Concerts

Le carnaval des musiciens

Pour leur concert d’ouverture, le 13 octobre dernier, les musiciens des Clefs de Saint-Pierre avaient choisi de visiter la ménagerie de Saint-Saëns. Pas moins de dix des membres du bel Orchestre du Capitole abordaient ce fameux et décalé « Carnaval des Animaux », composé en catimini par un créateur dont le sérieux constituait le fond de commerce.

Les musiciens déchaînés et leur dompteur débonnaire

Débordant du simple cadre musical, les interprètes décidaient carrément de s’investir dans le comportement animal des personnages illustrés par la partition de Saint-Saëns. Jamais peut-être cette « Fantaisie zoologique » n’aura aussi bien porté son nom.
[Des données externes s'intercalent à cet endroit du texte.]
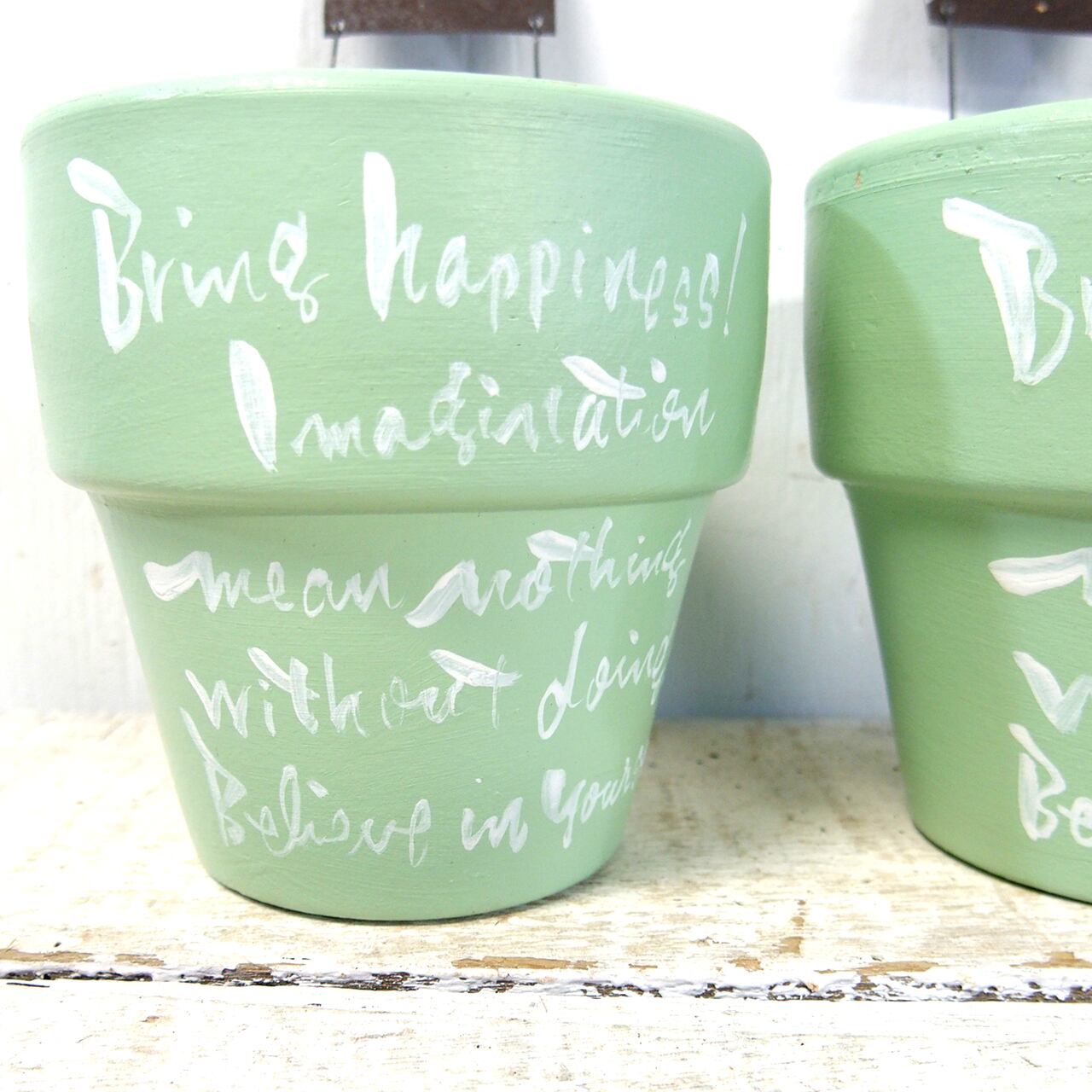 リムの太い可愛い鉢に文字を入れたアレンジ鉢です♪

Menés à la baguette par un dompteur énergique mais bonhomme (l’acteur et récitant Christian Brazier), nos chers musiciens s’égaient sur le plateau de l’auditorium de Saint-Pierre de Cuisines. Véritablement déchaînée, l’excellente flûtiste Sandrine Tilly révèle des talents insoupçonnés de mime simiesque. Grignotant sa partition, elle provoque ses collègues, jouant les tortues en compagnie de la pianiste Anne Le Bozec, tout aussi déjantée. Le percussionniste Christophe Dewarumez, devenu lion, le contrebassiste Damien-Loup Vergne, éléphant débonnaire, le clarinettiste David Minetti, coucou obsessionnel, construisent un véritable spectacle éclaté sans pour autant sacrifier en quoi que ce soit la qualité musicale. Ainsi, l’agitation se calme lors d’un aquarium magique et hypnotique, alors que la violoncelliste Sarah Iancu, devenue cygne immaculé, tient l’auditoire sous son charme. Un grand bravo au pianiste Philippe Monferran, aux violonistes Mary Randles et Olivier Amiel, à l’altiste Bruno Dubarry et à Christian Brazier, l’organisateur de cette folie festive.

Le vertige du dompteur aux prises avec la flûtiste Sandrine Tilly !
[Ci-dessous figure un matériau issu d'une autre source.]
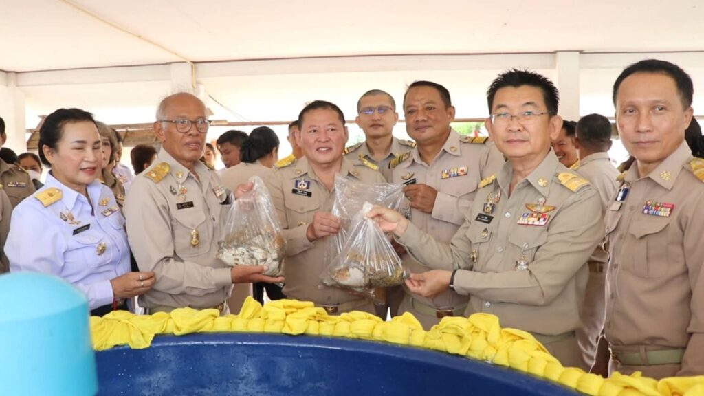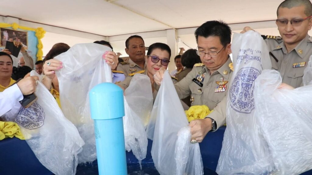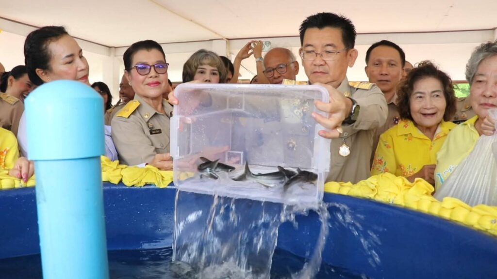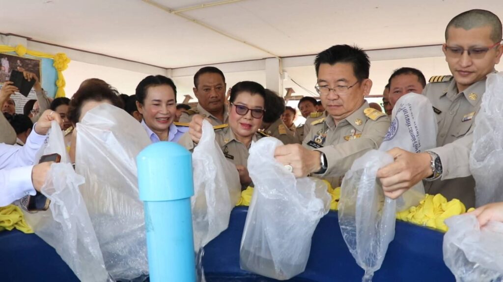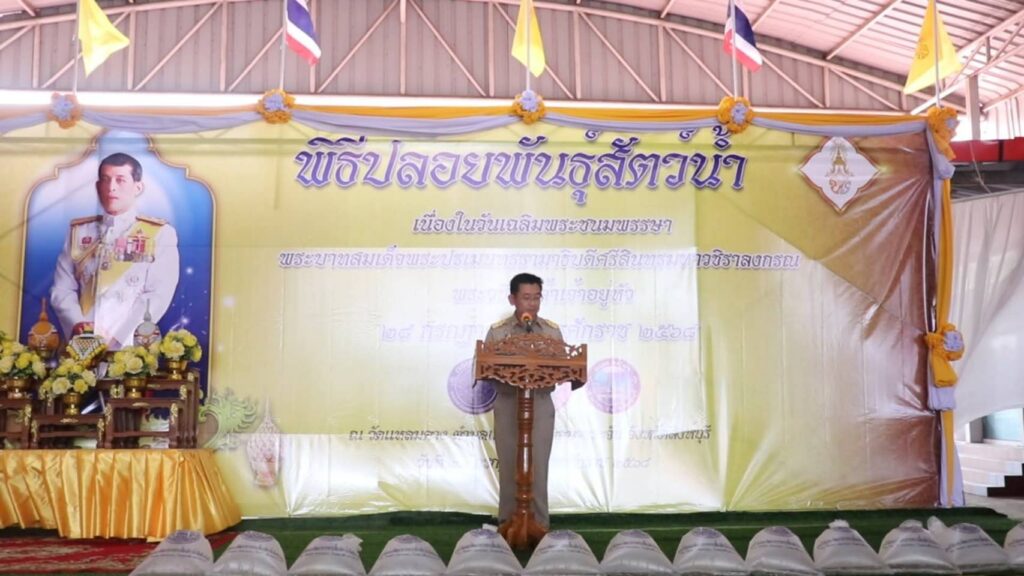 วันพุธที่ 23 กรกฏาคม 2568 เวลา 9.00 น.นายสุเมธ ธีรนิติ ผู้ว่าราชการจังหวัดสิงห์บุรีเป็นประธานในพิธีปล่อยพันธุ์สัตว์น้ำเฉลิมพระเกียรติเนื่องในวันเฉลิมพระชนมพรรษา พระบาทสมเด็จพระปรเมนทรรามาธิบดีศรีสินทรมหาวชิราลงกรณ พระวชิรเกล้าเจ้าอยู่หัว ณ วัดแหลมคาง บริเวณลำแม่ลา หมู่ที่ 2 ตำบลแม่ลา อำเภอบางระจัน จังหวัดสิงห์บุรี โดย นางสุพัตรา เผือกจีน ประมงจังหวัดสิงห์บุรี นายอำเภอค่ายบางระจัน หัวหน้าส่วนราชการ นักเรียน และประชาชนในพื้นที่ร่วมปล่อยพันธุ์สัตว์น้ำ ได้แก่พันธุ์ปลาตะเพียนขาว 195,000 ตัว ปลาดุกอุย 5,000 ตัว ปลาตะเพียนทอง 99 ตัว ปลาบึก 74 ตัว พ่อแม่พันธุ์กบ 9 คู่ รวมจำนวนทั้งสิ้น 200,074 ตัว

En guise de hors-d’œuvre, trois partitions du 20ème siècle étaient admirablement interprétées. L’Ouverture sur des thèmes juifs de Prokofiev alterne fatalisme, grotesque et lyrisme dans une atmosphère très « Europe centrale ». La « Technoparade », sorte de « perpetuum mobile » motorique pour flûte, clarinette et piano du jeune Guillaume Connesson, témoigne de son talent éblouissant de compositeur que les interprètes transcendent de leur virtuosité. Enfin, « L’Heure du berger » révèle un Jean Françaix étonnant, plein d’une élégance humoristique.
La 9ème saison des Clefs de Saint-Pierre s’ouvre donc sous les meilleurs auspices, ceux de musiciens en liberté.